Before querying data, we need to understand what tables exist and how they're structured.

### Why Explore First?
- You need to know table names to query them
- Understanding column names helps you write correct queries
- Knowing data types prevents errors
- Seeing relationships helps you write proper JOINs

### PostgreSQL System Catalogs
PostgreSQL stores metadata (information about the database structure) in special tables called **system catalogs**:
- `information_schema.tables` - List of all tables
- `information_schema.columns` - List of all columns
- `pg_catalog` - PostgreSQL-specific system information

### List All Tables in the Database

Let's see what tables are available in our HR database.

**Query Breakdown:**
- `information_schema.tables` - System view containing all tables
- `table_schema` - Which schema the table belongs to
- `table_type = 'BASE TABLE'` - Only real tables (not views)
- `ORDER BY` - Sort results alphabetically

In [None]:
# Query to list all tables in the database
list_tables_query = """
SELECT 
    table_schema,     -- Schema name (like a folder for tables)
    table_name        -- Name of the table
FROM information_schema.tables
WHERE table_type = 'BASE TABLE'     -- Only actual tables (not views)
  AND table_schema NOT IN ('pg_catalog', 'information_schema')  -- Exclude system tables
ORDER BY table_schema, table_name;  -- Sort by schema, then table name
"""

# Execute query and display results using pandas
# pd.read_sql() executes the query and returns results as a DataFrame
# We wrap the query in text() for SQLAlchemy 2.0+ compatibility
df_tables = pd.read_sql(text(list_tables_query), engine)

print("Tables in HR Database:")
print("=" * 60)
print(df_tables.to_string(index=False))  # Display without row numbers
print(f"\nTotal tables: {len(df_tables)}")

### Examine Table Structure (Columns and Data Types)

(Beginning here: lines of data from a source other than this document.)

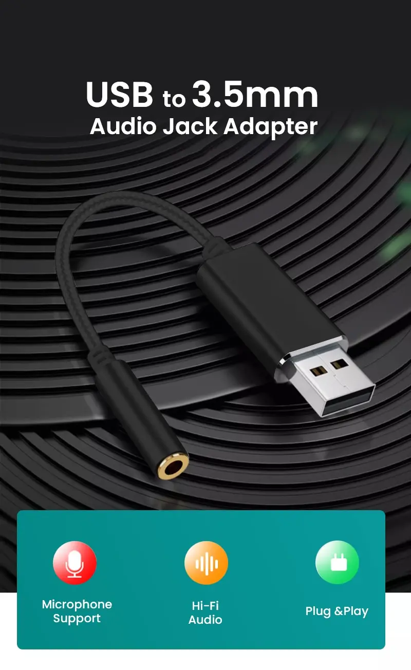 • Cable de audio USB a 3,5mm Jack :Conecte su dispositivo USB a un cable de audio Jack de 3,5mm para facilitar la transmisión de audio.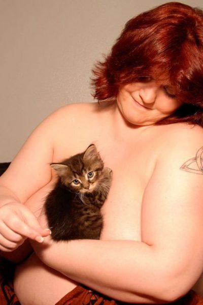 Cute BBW laying naked on her side with her fat naked belly hanging out stroking her pussy cat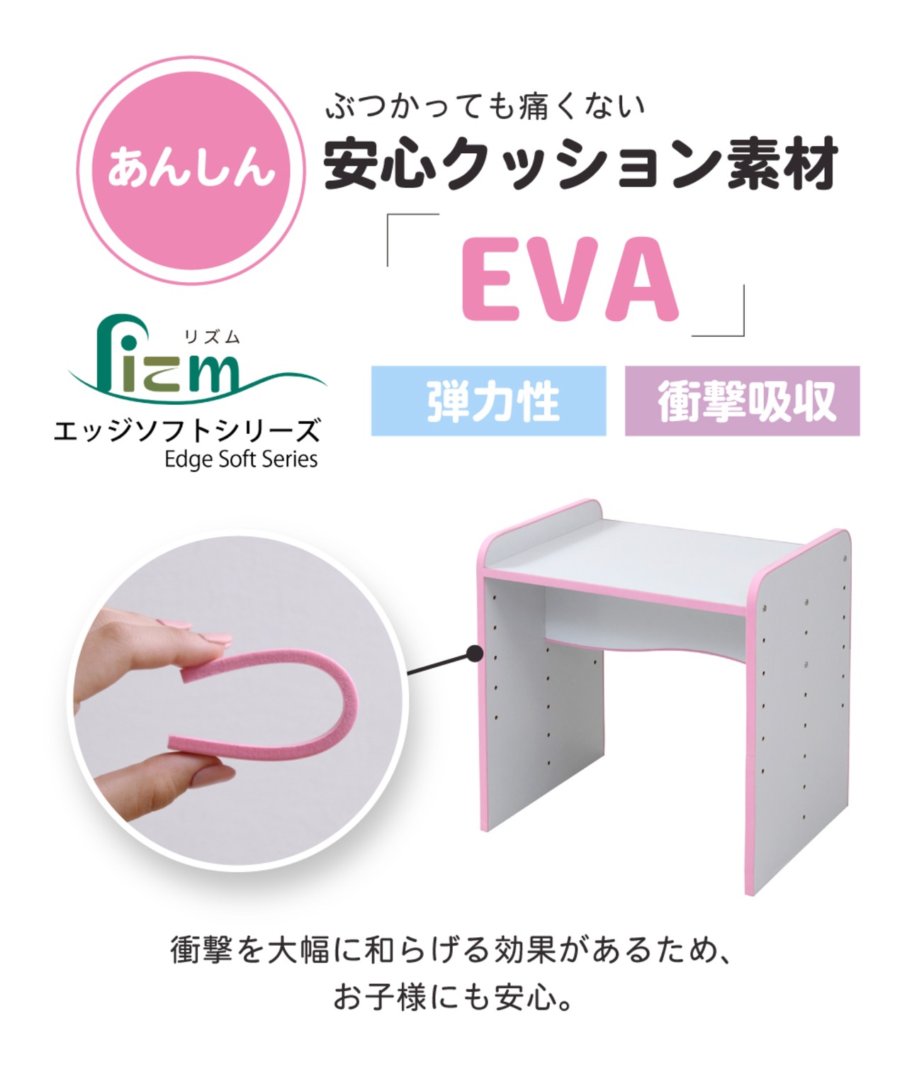 弾力性、衝撃吸収に優れたEVA樹脂をすべてのフチに採用。さらに角を丸くして金具の使用を極力減らした、小さなお子様も安全にご使用いただけるシリーズです。6段階の高さ調節ができるので、お子様の成長に合わせて長くお使いいただけます。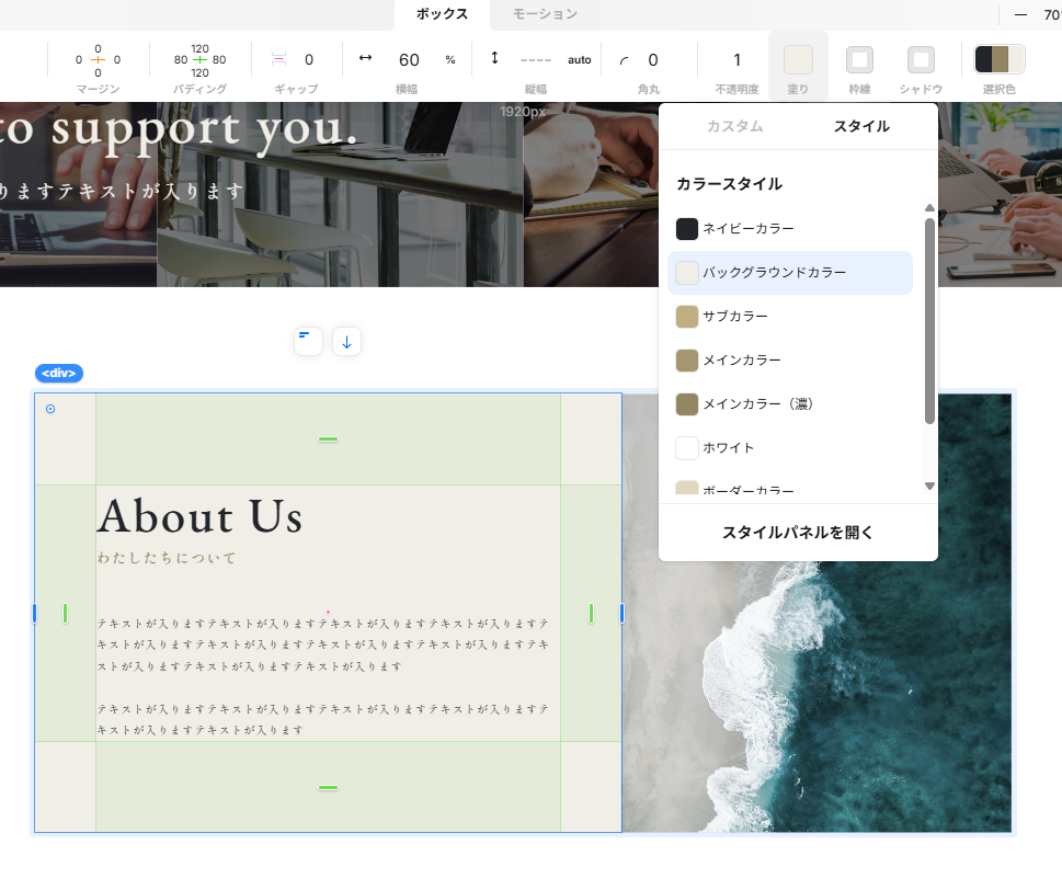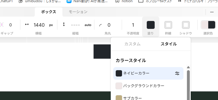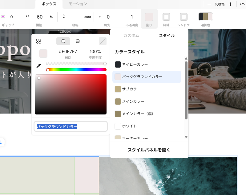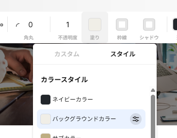 ベージュ背景部分を選択し上の「塗り」にカーソルを合わせます。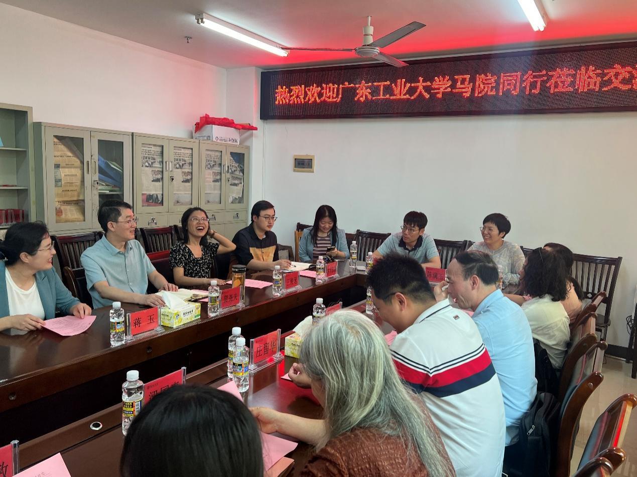 4月18日下午,广东工业大学思想道德与法治教研室党支部书记黄成忠一行11人在社科楼A-308与我院交流互动。我院副院长杨娜、教学委员会副主任贺尧夫、思想道德与法治教研室主任蒋玉等出席会议。会议由贺尧夫主任主持。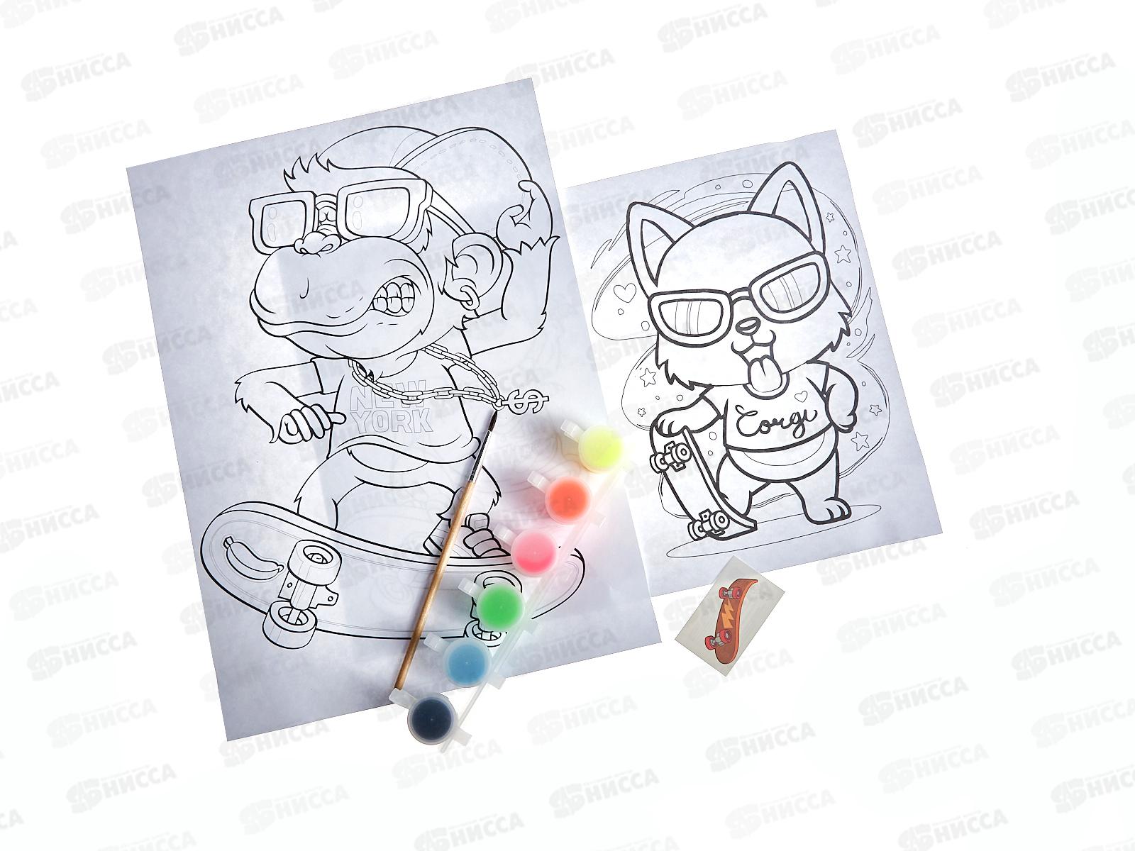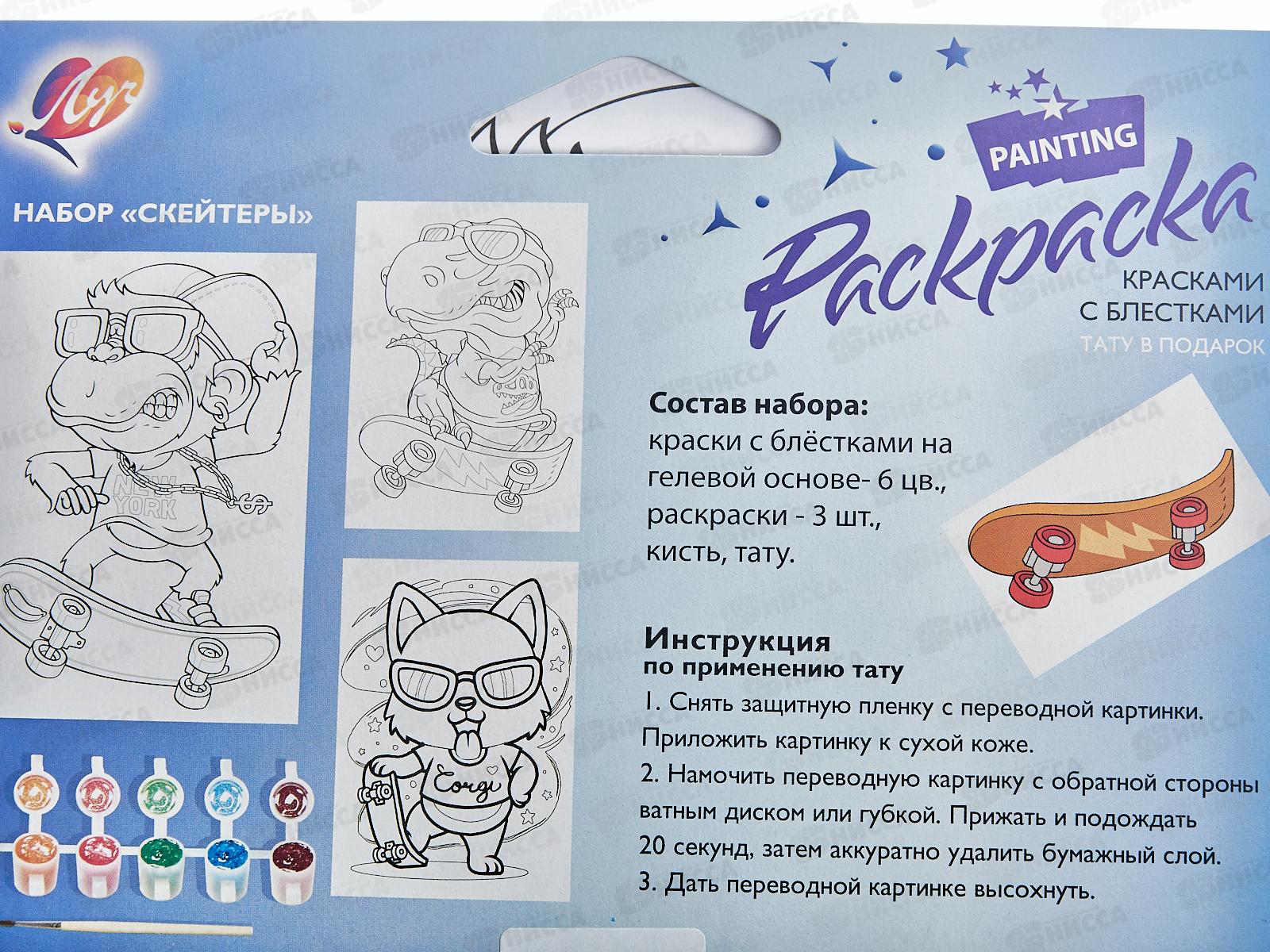 Набор Луч красок с блестками с раскрасками "Скейтеры",31с 2071-08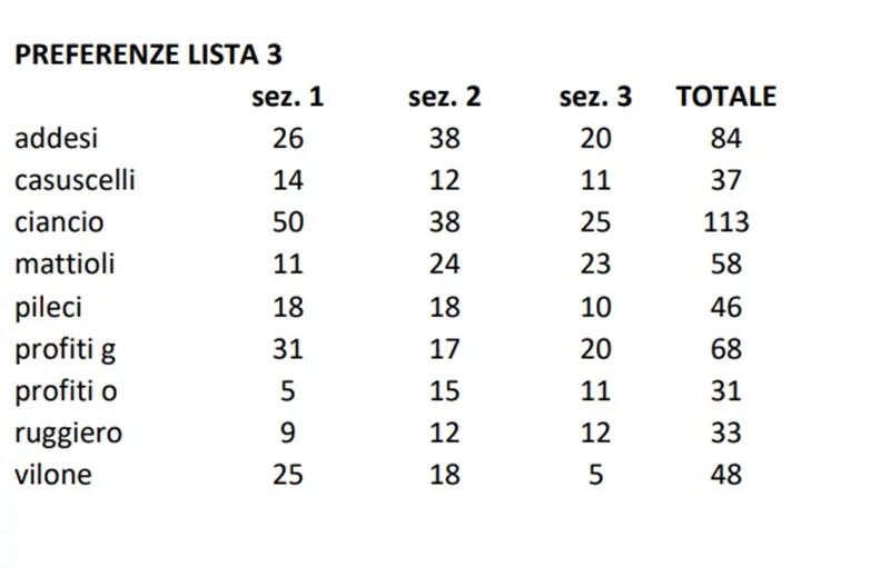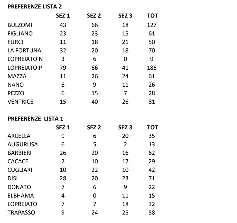 Entrano in Consiglio comunale i primi sette che hanno riportato il maggior numero di preferenze con la lista di Antonino Pezzo: Nicola Lopreiato (186 voti); Salvatore Bulzomì (127 voti); Pasqualina Ventrice (81 voti); Rossana La Fortuna (70 voti, consigliere uscente); Antonio Figliano (61 voti, consigliere uscente); Antonio Mazza (61 voti, consigliere uscente); Erminia Furci (50 voti).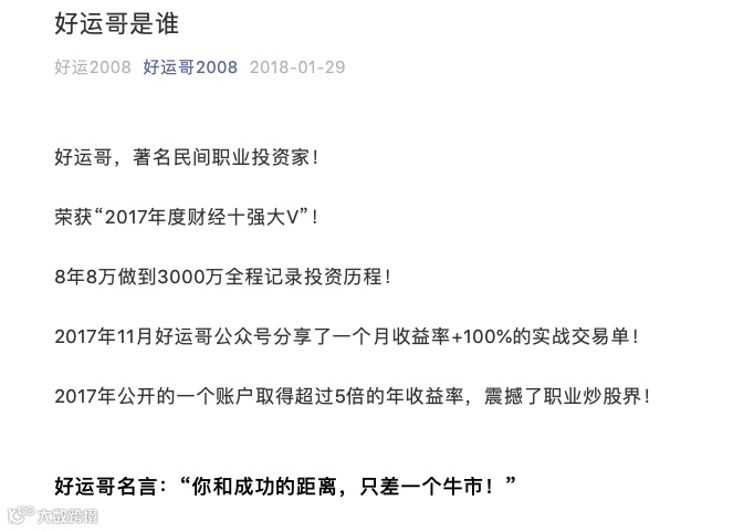 “好运哥”公众号账号全名“好运哥2008”,在公众号好运哥这么介绍自己: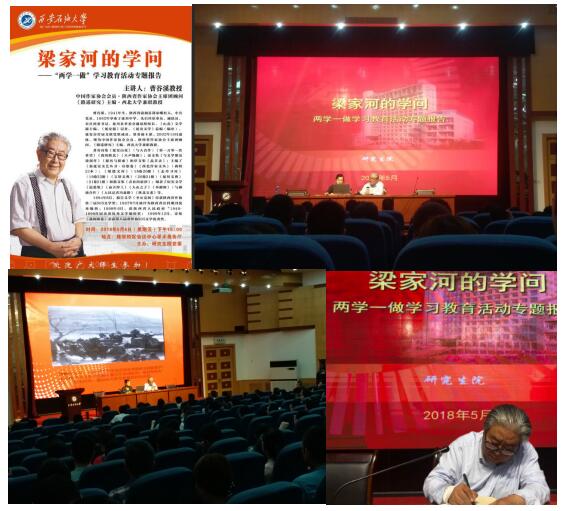 ——舉辦報告。5月4日下午,研究生院黨委邀請省作協主席團顧問曹谷溪先生在雁塔校區為研究生院師生作了題為《梁家河的學問》的專題報告。研究生院黨委領導、全體學工干部和研究生代表300余人聆聽了報告。報告會上,曹老通過回顧習近平總書記在陜北黃土高原、在梁家河大隊創辦沼氣的知青歲月,闡述了習近平總書記青年時代矢志不渝的理想追求、愛國為民的家國情懷、勤奮好學的進取精神、求真務實的良好作風和吃苦耐勞的優秀品質。本次報告會旨在讓研究生牢記習近平總書記在北京大學師生座談會上愛國、勵志、求真、力行的諄諄囑托,反響熱烈。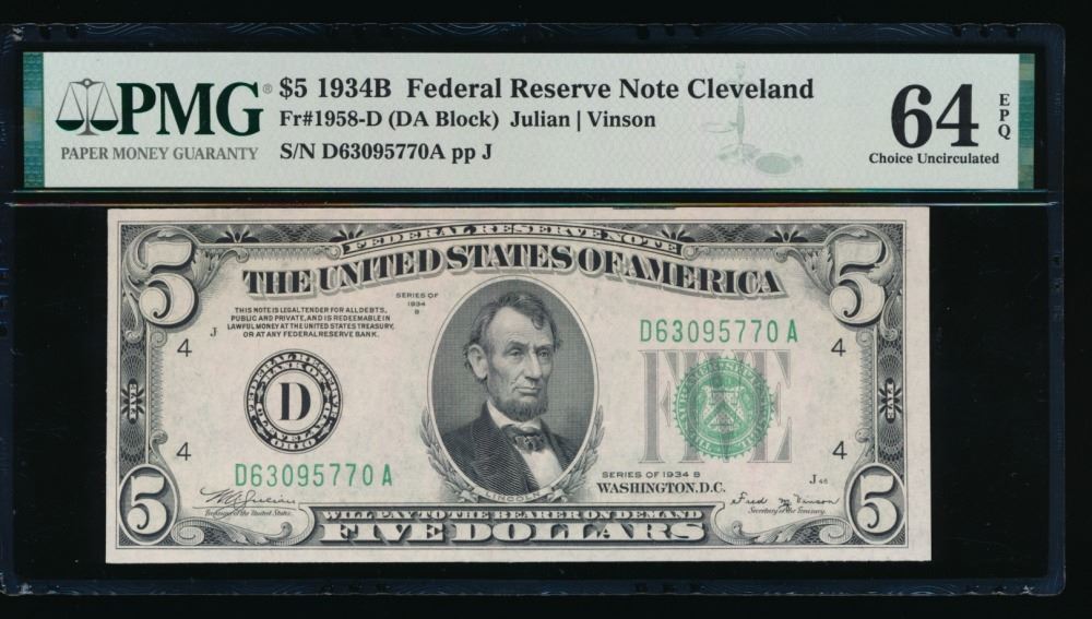 One 1934B $5 Cleveland Federal Reserve Note PMG 64EPQ.

Now let's look at the structure of a specific table. We'll start with the **employees** table since it's the most important one in an HR database.

**What We'll See:**
- Column names (what fields are available)
- Data types (text, numbers, dates, etc.)
- Nullable (whether the field is required)
- Default values (automatic values if none provided)

**Why This Matters:**
- You need to know column names to SELECT them
- Data types tell you what kind of values are stored
- Nullable columns might contain NULL values you need to handle

In [None]:
# Query to get column information for the employees table
table_structure_query = """
SELECT 
    column_name,              -- Name of the column
    data_type,                -- Type of data (varchar, integer, date, etc.)
    character_maximum_length, -- Max length for text fields (NULL for non-text)
    is_nullable,              -- YES if the column can be NULL, NO if required
    column_default            -- Default value (if any)
FROM information_schema.columns
WHERE table_schema = 'hr'       -- Look in the 'hr' schema
  AND table_name = 'employees'  -- Specifically the employees table
ORDER BY ordinal_position;      -- Order by position in table (how columns were defined)
"""

# Execute query and display results
# Wrap in text() for SQLAlchemy 2.0+ compatibility
df_structure = pd.read_sql(text(table_structure_query), engine)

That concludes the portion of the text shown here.